> [Work required]: Exact copies of the lines below, from the one with "中華ゴシック チャイナ風 秋冬 フェイクファー ジャケット フリース 銀糸装飾 古怪舎" up to and including the one with "Estudio de mujer indígena y jinete", are what this calls for; leave out pictures.

──────── Provided entries

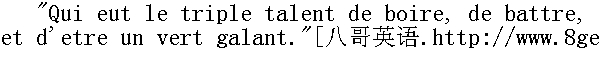 Quieutletripletalent, Deboire, debattre, Etd'treunvertgalant... ① ①法语: 他有三套本领: 喝酒, 打仗, 还有当情夫...... "That sounds well too. Now, Zaletaev!..."" 调子也合得起, 喂, 快点, 快点, 扎列塔耶夫!......" "Kyu," Zaletaev articulated with effort. "Kyu-yu-yu ..." he sang, puckering up his lips elaborately; "le-trip-ta-la-de-boo-de-ba-ce-detra-va-ga-la."" 克由......"扎列塔耶夫用力唱出来。"克-由-由......"他使劲噘起嘴唇, 拉长了声音唱道。"列特里勃塔拉, 吉-布-吉-巴, 吉特拉哇嗄拉!"②他唱道。 "That's fine! That's a fine Frenchman, to be sure! oy ... ho-ho-ho. Well, do you want some more to eat?"" 好哇!跟法国人唱的一样!啊......哈哈哈哈!怎么样, 你还要吃一点吗?" "Give him some porridge; it'll take him some time to satisfy his hunger."" 给他点稀饭;饿过了头是一下子吃不饱的。" They gave him more porridge, and Morel, laughing, attacked a third bowlful. There were gleeful smiles on the faces of all the young soldiers watching him. The old soldiers, considering it beneath their dignity to show interest in such trifles, lay on the other side of the fire, but now and then one would raise himself on his elbow and glance with a smile at Morel. 又给他送来稀饭, 于是莫雷尔吃了第三碗。年轻的士兵们都看着莫雷尔, 脸上露出快乐的微笑。年长的士兵认为干这种无聊的事有失体面, 他们躺在火堆的另一边, 时而用臂肘支起身子微笑着看一下莫雷尔。 "They are men, too," said one, rolling himself up in his coat. "Even the wormwood has its roots."" 他们也是人哪, "一个裹着大衣的士兵说, "就是苦蒿也是从自己的根上生长的。"
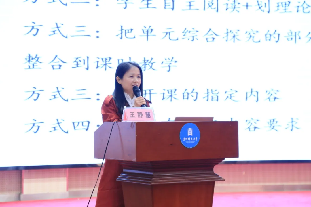 围绕如何上好每个单元综合探究,浙派名师高中政治班21级学员王静慧老师通过讲座给与了解答。王老师结合高考命题特点,强调做好考教联接,进行教学设计对“综合探究”编写表图进行深度解析,从教学目标、教学内容,跨学科,跨模块,多元主体,多样内容,多种方式的综合评价,统筹谋划,深耕读懂教材,强化评价促发展。
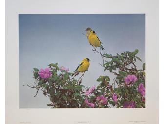 Gold on the Rose - American Goldfinch Print by Terry Isaac
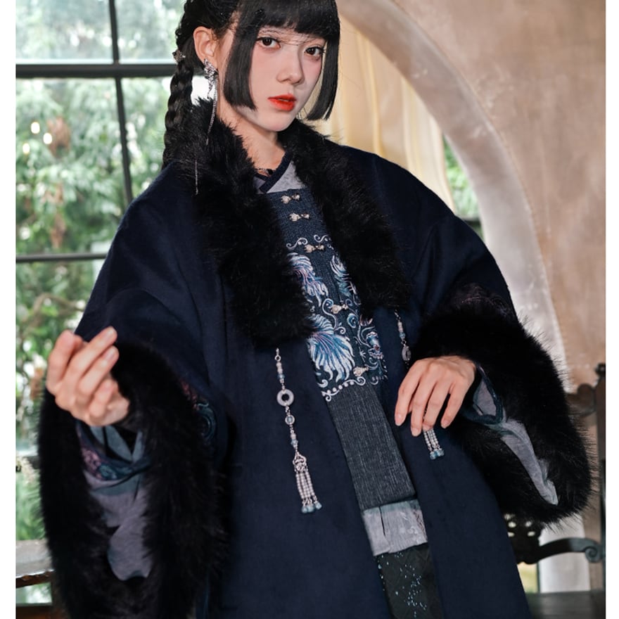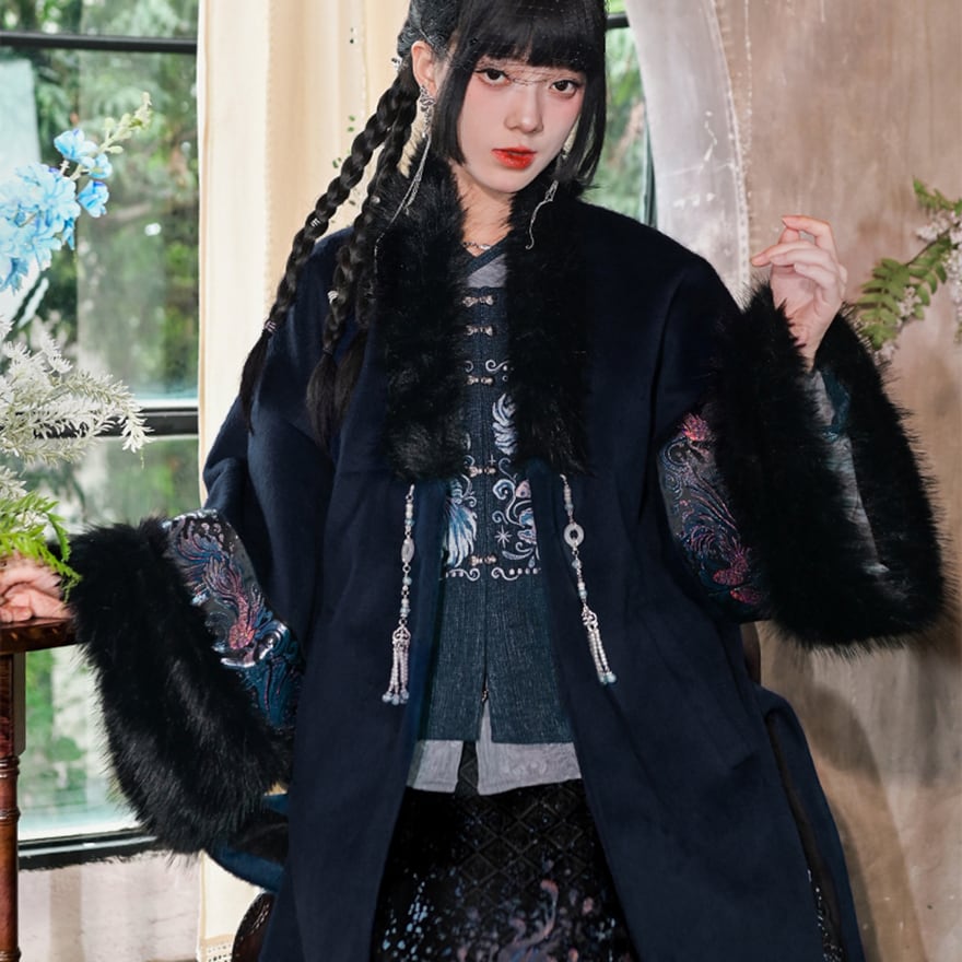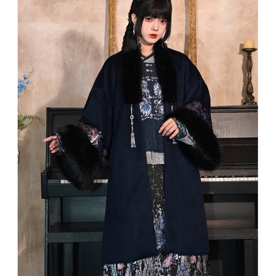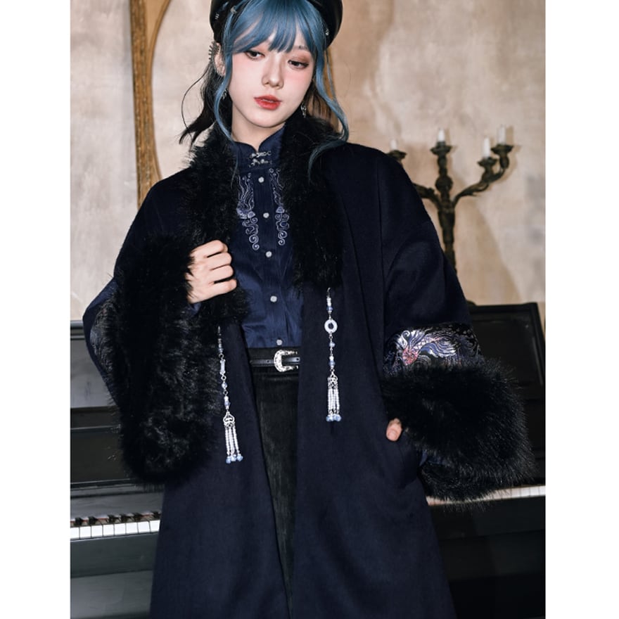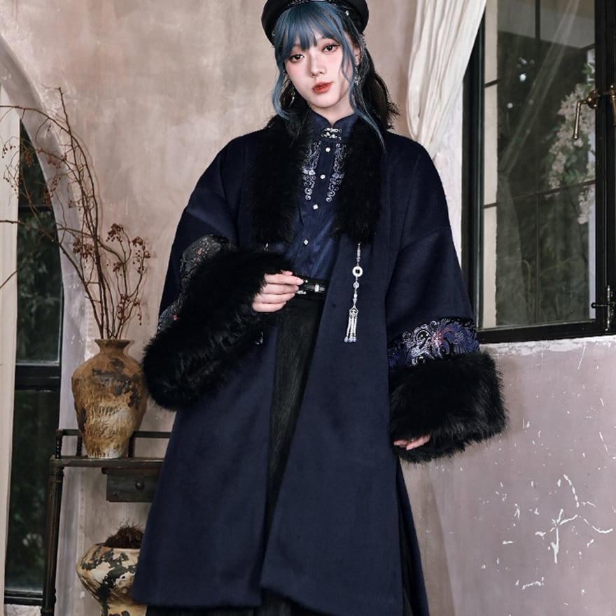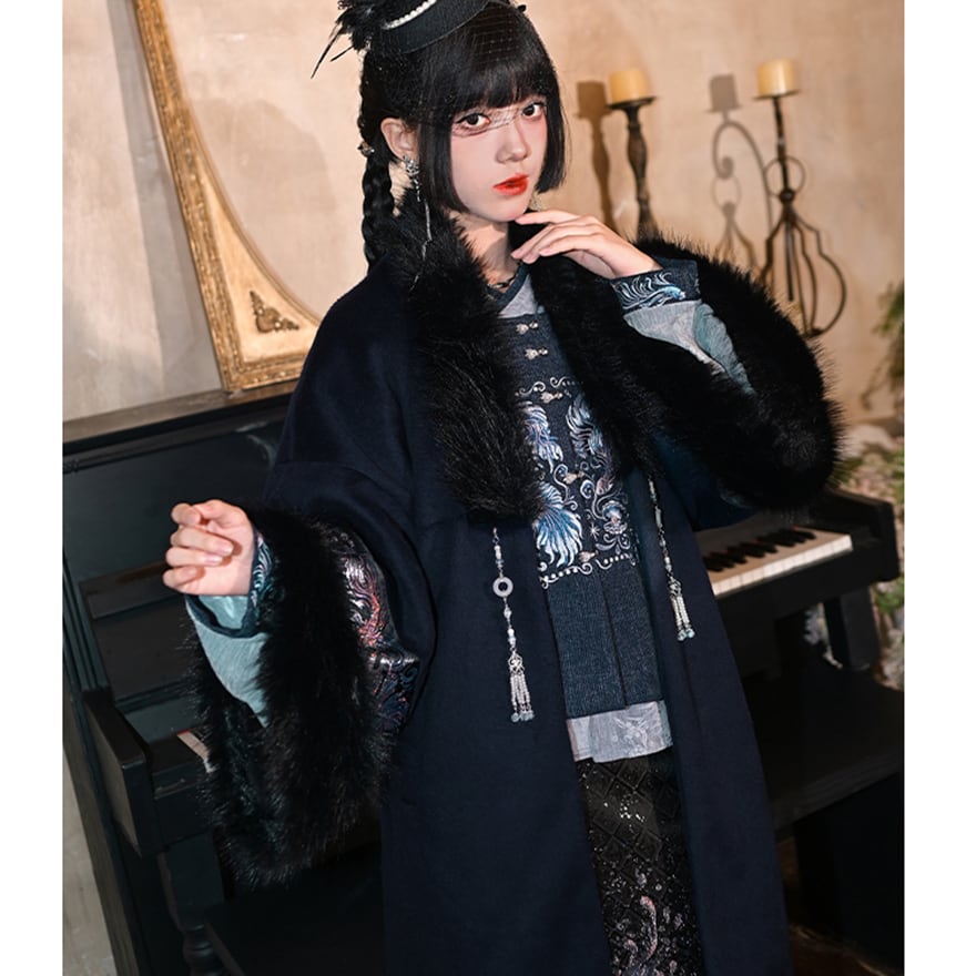 中華ゴシック チャイナ風 秋冬 フェイクファー ジャケット フリース 銀糸装飾 古怪舎
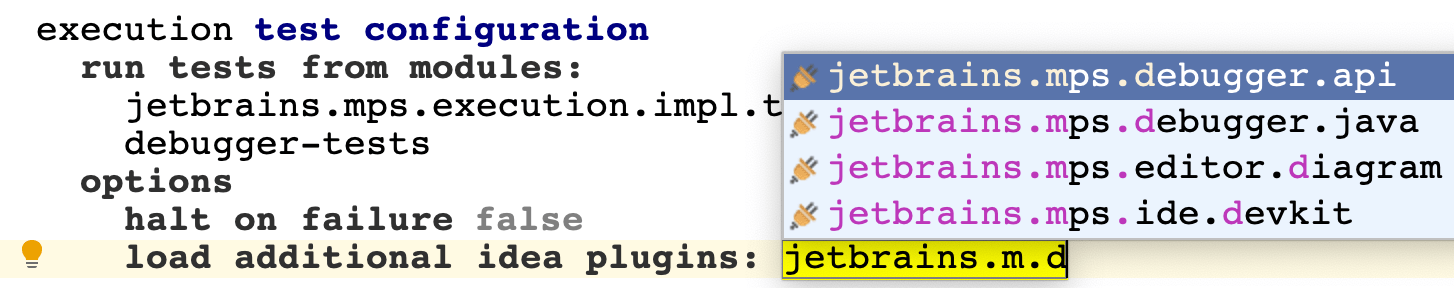 The test modules run configuration construction supports a possibility to specify additional idea plugins which ought to be loaded during the MPS ant test execution. The plugins required for the MPS ant test execution sometimes cannot be calculated automatically. There are scenarios when the tests need a particular plugin available and that information cannot be deduced from the modules containing the tests by the MPS build language engine. In such situations the needed plugins can be specified manually.
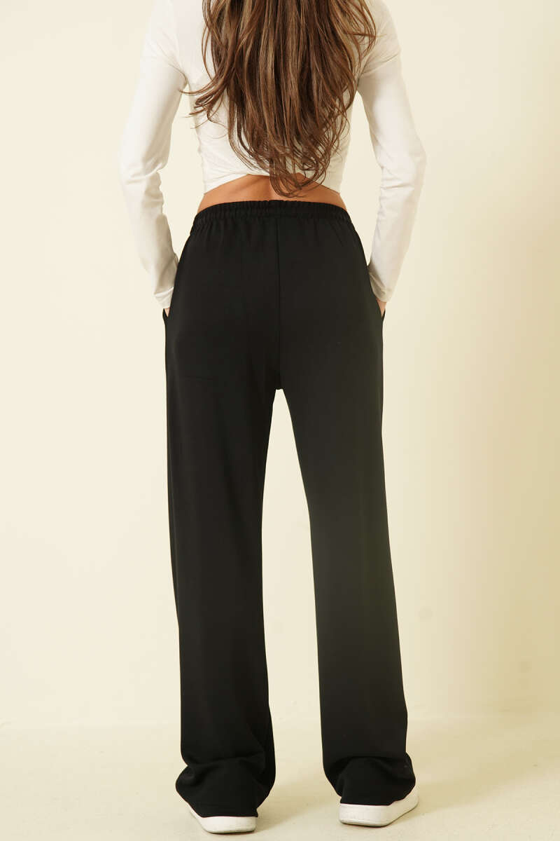 Geniş Paçalı Cepli Loyşa Pantolon Siyah
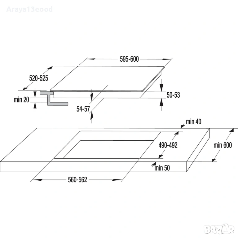 - Дълбочина на отвора: минимум 49 см
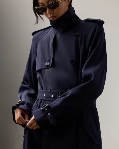 The Italian-made Alecia—realized here using traditional trench coat details, including dived shoulder epaulets, storm flaps, a belted collar and waist, and a double-breasted silhouette—is made from a wool blend in a compact gabardine, resulting in a fabric that balances durability with soft, fluid dressing. Genuine horn divs, lambskin-covered buckles, and a calf-grazing length add refinement to its timeless design.
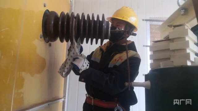 电力线路工在清洗绝缘设备(央广网发 周贺 摄)
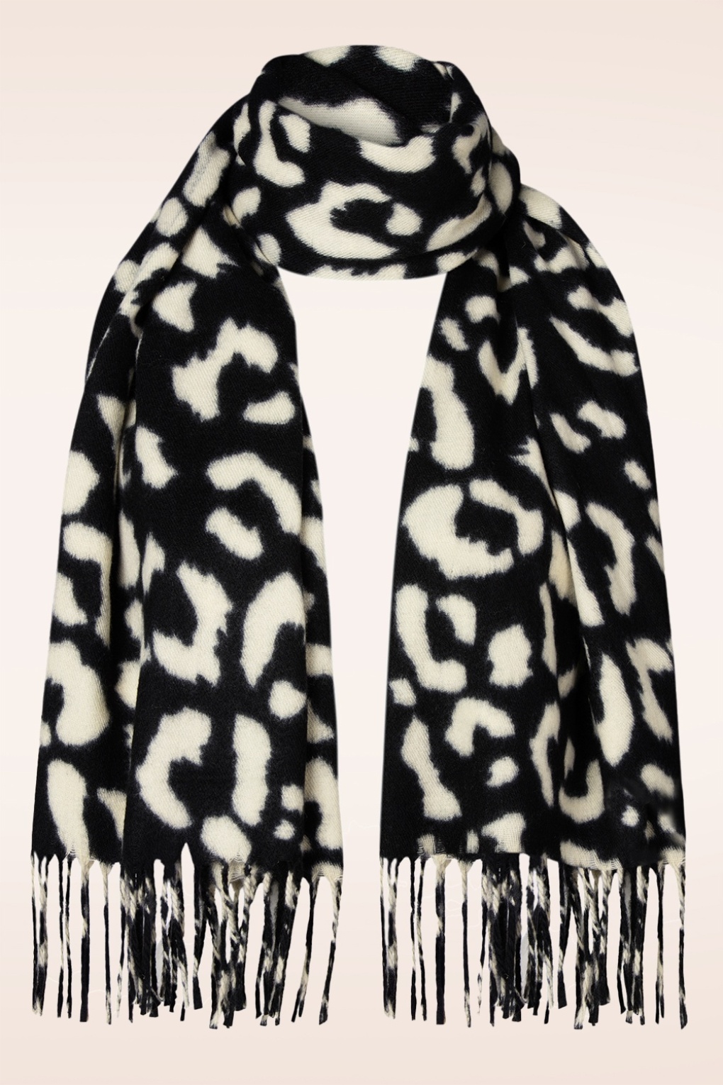 Dieser stylische Schal hält dich in der kalten Jahreszeit kuschelig warm! Das Modell mit Fransen ist aus einem luxuriösen, weichen Stoff mit schwarz-weißem Animal-Print gefertigt. * Rechteckiger, langer Schal * Weich und warm * Kann auf verschiedene Arten getragen werden
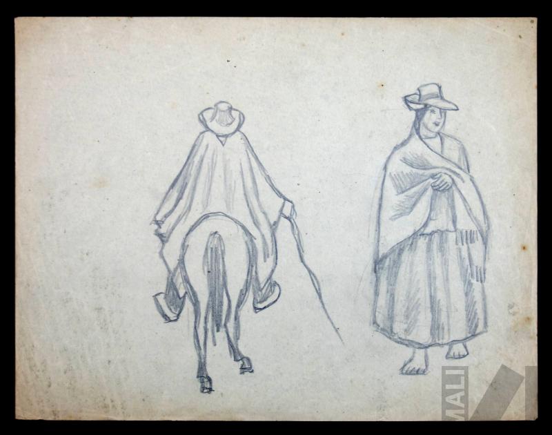 Estudio de mujer indígena y jinete
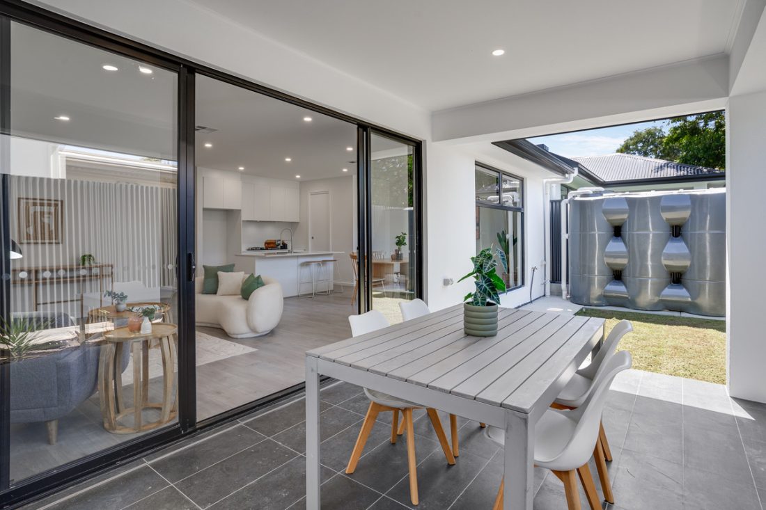 Slide open the large doors, and your living space seamlessly extends into the alfresco area, creating a harmonious indoor-outdoor experience. This space is destined to become the perfect spot for outdoor BBQs with friends and family, perfect for the warmer months. Adjacent to this, an area of lawn invites you to bask in the sun, offers a playground for your pets, and provides children with an enclosed play area.
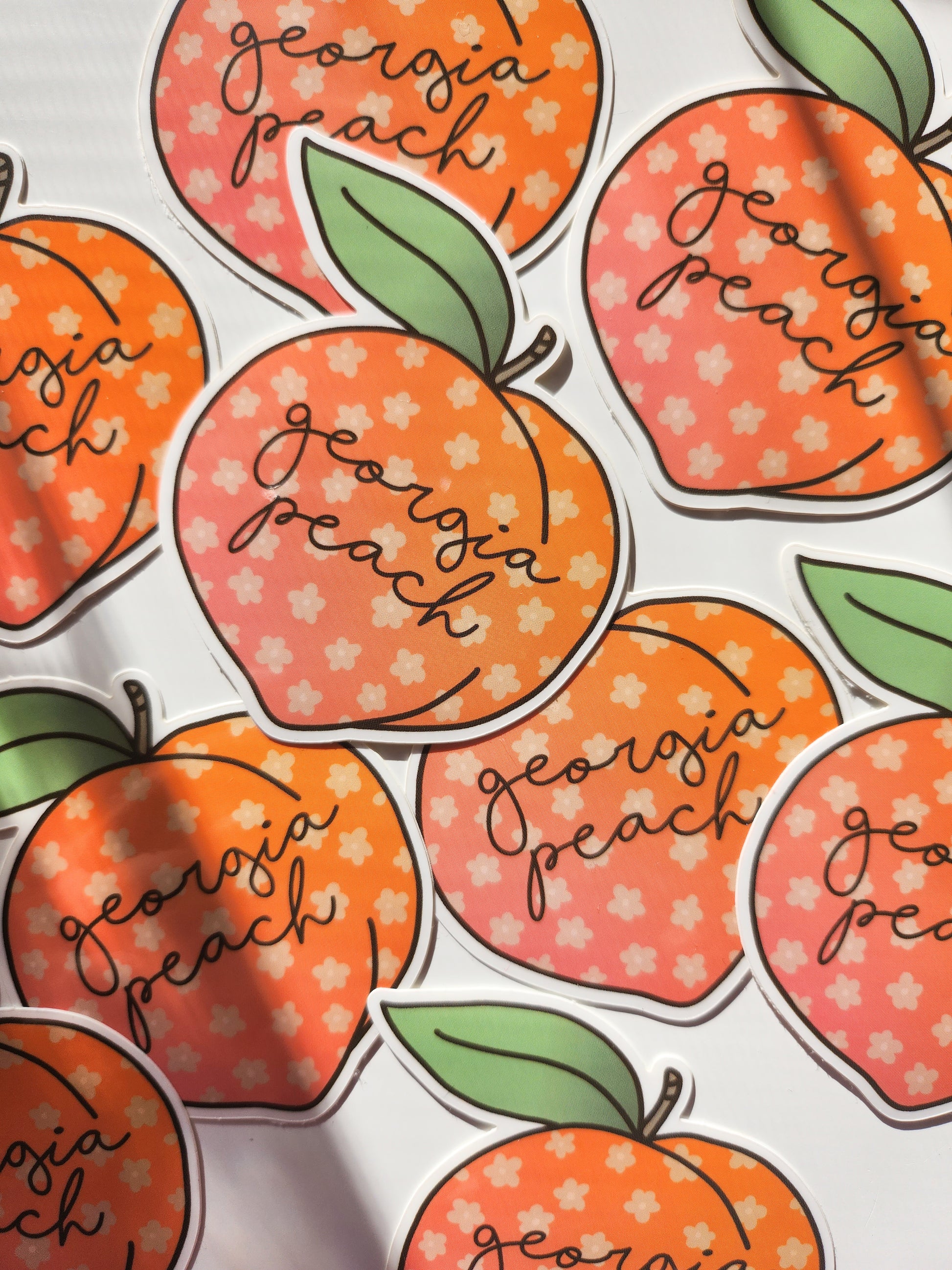 Georgia Peach Sticker in Orange, Vinyl, 2.5 x 2.5in
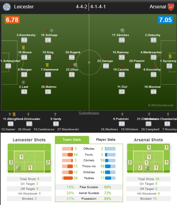 56': Nhận đường chuyền rất đẹp của Cazorla, tiền vệ Ramsey đánh đầu đưa bóng đi đúng vị trí của thủ môn Schmeichel trong tư thế không bị kèm. Đây là tình huống bỏ lỡ đáng tiếc của Ramsey.
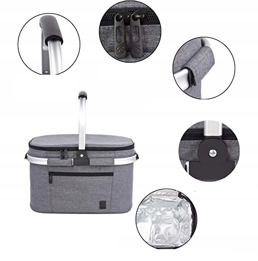 Висока якість, повністю утеплений магазин з термічно герметичним, герметична підкладка, що полегшує очищення: закриття блискавки допомагає зберегти тепло або холодну їжу. Рамка та підкладені ручки. Він складається плоскою, щоб заощадити місце для зберігання.

────────────────

> [Expected output]:
 中華ゴシック チャイナ風 秋冬 フェイクファー ジャケット フリース 銀糸装飾 古怪舎
 The test modules run configuration construction supports a possibility to specify additional idea plugins which ought to be loaded during the MPS ant test execution. The plugins required for the MPS ant test execution sometimes cannot be calculated automatically. There are scenarios when the tests need a particular plugin available and that information cannot be deduced from the modules containing the tests by the MPS build language engine. In such situations the needed plugins can be specified manually.
 Geniş Paçalı Cepli Loyşa Pantolon Siyah
 - Дълбочина на отвора: минимум 49 см
 The Italian-made Alecia—realized here using traditional trench coat details, including dived shoulder epaulets, storm flaps, a belted collar and waist, and a double-breasted silhouette—is made from a wool blend in a compact gabardine, resulting in a fabric that balances durability with soft, fluid dressing. Genuine horn divs, lambskin-covered buckles, and a calf-grazing length add refinement to its timeless design.
 电力线路工在清洗绝缘设备(央广网发 周贺 摄)
 Dieser stylische Schal hält dich in der kalten Jahreszeit kuschelig warm! Das Modell mit Fransen ist aus einem luxuriösen, weichen Stoff mit schwarz-weißem Animal-Print gefertigt. * Rechteckiger, langer Schal * Weich und warm * Kann auf verschiedene Arten getragen werden
 Estudio de mujer indígena y jinete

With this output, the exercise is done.